Samantha Parker tends bar at Joshua’s Tavern in Brunswick, serving a mocktail made with a nonalcoholic bourbon from Sweden. Photo contributed by TJ Siatras

If you’re a social butterfly who has made a New Year’s resolution to stop drinking alcohol, fear not. More Midcoast restaurants are accommodating your health concerns by adding nonalcoholic spirits and beers to their menus.

Joshua’s Tavern in Brunswick offers two nonalcoholic beer options and three mocktails made with nonalcoholic bourbon.

“We think it’s an emerging market,” said owner TJ Siatras.

Experimenting with mocktail recipes since October, Siatras said he made adjustments based on customer feedback. After realizing the bourbon substitute didn’t give the same burning sensation as real alcohol, he discovered that adding a touch of jalapeno juice did the trick.

For those wondering why people are making this transition to a booze-free lifestyle, Siatras argued it isn’t for financial reasons.

“Nonalcoholic spirits are not significantly less expensive than alcoholic spirits,” he said. “I don’t think it’s a financial thing. I think it pertains to people being a little more health-conscious.”


The Food and Drug Administration classifies a beverage as nonalcoholic when it contains less than 0.5% alcohol.

In addition to mocktails, Siatras upgraded his nonalcoholic beer selection this summer from the national brand O’Doul’s to a selection of beers from Kit NA Brewing in Portland — an American blonde akin to Miller Light and an IPA. 

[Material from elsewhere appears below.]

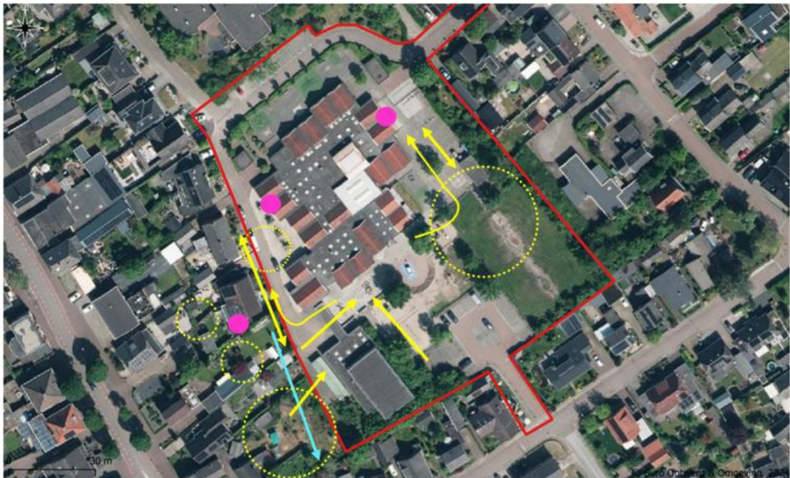
Figuur 6. Waarnemingen van foerageergedrag (gestippelde cirkels), vliegbewegingen (pijlen) en zomerverblijven (roze stippen) van de gewone dwergvleermuis (geel) en rosse vleermuis (lichtblauw).

Het derde vleermuisonderzoek vond plaats in de vroege ochtend van 23 juli 2025. Om 02:57 werd een gewone dwergvleermuis vastgesteld ter hoogte van de noordwestkant van het schoolgebouw. Deze soort werd gedurende het gehele onderzoek waargenomen. De gewone dwergvleermuis foerageerde voornamelijk boven het zuidoostelijke grasveld binnen het projectgebied. Om 05:31 is een invliegend exemplaar van de gewone dwergvleermuis vastgesteld, welke achter een vergaarbak van een regenpijp aan de noordwestkant van het schoolgebouw invloog. Om 05:36 werd op eenzelfde type plek een invliegend exemplaar van de gewone dwergvleermuis waargenomen aan de noordoostkant van het schoolgebouw (Figuur 7). Daarnaast is er een invliegende gewone dwergvleermuis geconstateerd buiten het projectgebied, namelijk onder kantpannen van Pastoor Bluemersplein 9. Los van de gewone dwergvleermuis zijn er ook waarnemingen van de rosse vleermuis gedaan, met om 05:00 tevens een zichtwaarneming van de soort. Dit exemplaar vloog langs de westkant van het projectgebied in zuidelijke richting (Figuur 6). Van de rosse vleermuis zijn echter geen verblijfplaatsen te verwachten of vastgesteld tijdens deze onderzoeksronde in het projectgebied. De meervleermuis werd in het geheel niet aangetroffen.

“They’ve done a really good job of trying to recreate balance and flavor profiles similar to traditional microbrews,” Siatras said.

Since the switch, he said his nonalcoholic beer sales have gone up 400%. 

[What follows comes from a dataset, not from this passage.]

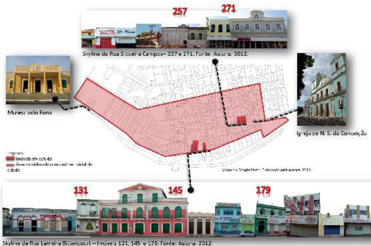
Figura SEQ Figura \* ARABIC 16 – Mapa da cidade de Santarém – área central da cidade e a localização dos imóveis em estudo.

Fonte: Acervos Estefany Couto, Rafael Serique e Ramon Santos. 2012. Elaboração: Autora. 2013.

While the majority of nonalcoholic consumers in the U.S. are millennials, Siatras said his middle-aged patrons are the ones most willing to try the new products.

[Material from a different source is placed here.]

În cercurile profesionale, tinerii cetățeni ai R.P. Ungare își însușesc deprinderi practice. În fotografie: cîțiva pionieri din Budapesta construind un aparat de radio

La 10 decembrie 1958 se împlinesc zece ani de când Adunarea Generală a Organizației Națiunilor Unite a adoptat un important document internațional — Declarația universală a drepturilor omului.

That is not the case at Byrne’s Irish Pub in Bath.


Byrne’s Irish Pub bar manager Maggie Lair said the biggest nonalcoholic consumers are in their 30s. She said her nonalcoholic beer sales increased 20% this year after adding Guinness 0 to their menu. She said it tastes just like traditional Guinness, minus the buzz.

“People like to have that option,” she said.

Although the pub only has two permanent mocktails listed on its menu, Lair said bartenders can make any drink nonalcoholic upon request. Lair said the demand for mocktails has grown over the past year as the pandemic quiets down.

“The lack of immediate pandemic pressure has made people make different choices,” she said.

Both Lair and Siatras said they would consider carrying more nonalcoholic options in the future if the demand continues to grow.